I am not sure where my hon. Friend's argument is going. He seems to be arguing that people should set out a narrative because he wants them to talk to the police. However, that does not necessarily mean that what they say will have the evidential value sought in the new clause. In his example, the girl did not talk, but had she done so, she would have been talking for the purpose of convicting herself, not the other two. There is a confusion in that regard.
I respect my hon. Friend's point. The thrust of what I am saying is that I want there to be an incentive on the individuals responsible for the care of the child to co-operate with the police and the prosecuting authorities in giving an account. In the present situation, there is a disincentive to co-operate, and the law does not deal successfully with that most serious matter.
The hon. Member for Beaconsfield coherently and skilfully set out the arguments against the new clause, but the proposed change in the law would have a restricted application in the limited circumstances set out in subsection (5). I pray in aid my hon. Friend's point that we want the information to go before a jury so that they can make an assessment in the light of any caveats and guidance from the judge.
We must improve the law. Given the gravity of these cases, and the number of the most vulnerable members of our society who are killed because of defects in the law, action is needed. That is why I subscribed to the new clause. Against all my natural inclinations, I believe that that was the right thing to do.
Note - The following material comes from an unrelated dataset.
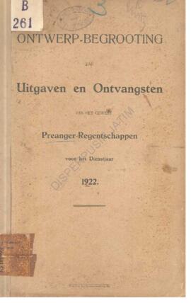 Begrooting van de bedrijven van het gewest preanger regentschappen voor het dienstjaar 1922 Rencana anggaran penerimaan dan pengeluaran dari Kabupaten Priangan tahun 1922

We have had an interesting debate, thanks to colleagues who are learned in the law. I am grateful to the hon. and learned Member for Redcar for tabling the new clause.
It is a common view that infanticide is a particularly repugnant crime. There is clearly great cause for concern given the huge disparity between the number of successful prosecutions in cases where the death of a child is reasonably assumed to have been at the hands of a person who had charge of him, and those where it was at the hands of a stranger, for which the conviction rate is much higher.
We need to improve the way in which we deal with several issues. The law is one, but there are others. The disparities between different investigatory authorities around the country are a matter of concern, and there is scope for better protocols for the investigation and preparation of cases. There are undoubtedly issues about expert witnesses, which is perhaps the other side of the coin. Recent cases have given us serious cause for concern about the credentials of such witnesses in cases of child death. There is concern about whether they are properly qualified to provide the evidence that is marshalled in prosecution and defence cases.
I return, however, to the perceived lacuna. The hon. Member for Beaconsfield dwelt on matters of mitigation, but whatever case may be made in mitigation, it is a matter of concern if no successful prosecution is concluded after a crime has clearly been committed, for which the evidence is the death or serious injury of a child, and the perpetrator can only be one or all of a limited number of people who had charge of the child.
The public are right to be concerned that the legal system does not adequately serve the interests of justice or protect the child. That is why I entirely agree with the hon. and learned Lady on most of the new clause. However, I have a serious reservation about subsection (5). I am not sure that it advances the case. The problems that it would introduce would probably be greater than the mischief that it would remedy and I should have been happier if the new clause had not included it.
The other provisions would strengthen the law and would provide a response to the perception that the law at present fails. If not now, when? We have had this discussion before and there is always another criminal justice Bill coming along, but this is a matter of urgency. The numbers and the severity of the issue speak for themselves. If there is an opportunity to take heed of the Law Commission's proposals and the strong lobbying by interested bodies outside the House of Commons, which see a need for change, there is an argument for using the present Bill to respond now, rather than at some unspecified future date.
I shall be interested to learn whether the Minister considers that there is a case for accepting at least the earlier subsections. It is of little interest to me whether they are passed in their present form or another of the Government's devising, but I am interested in ensuring that any gap in current provision is dealt with, and in preventing people who have murdered a child from
walking free from court simply because the legal system is incapable of dealing with the case.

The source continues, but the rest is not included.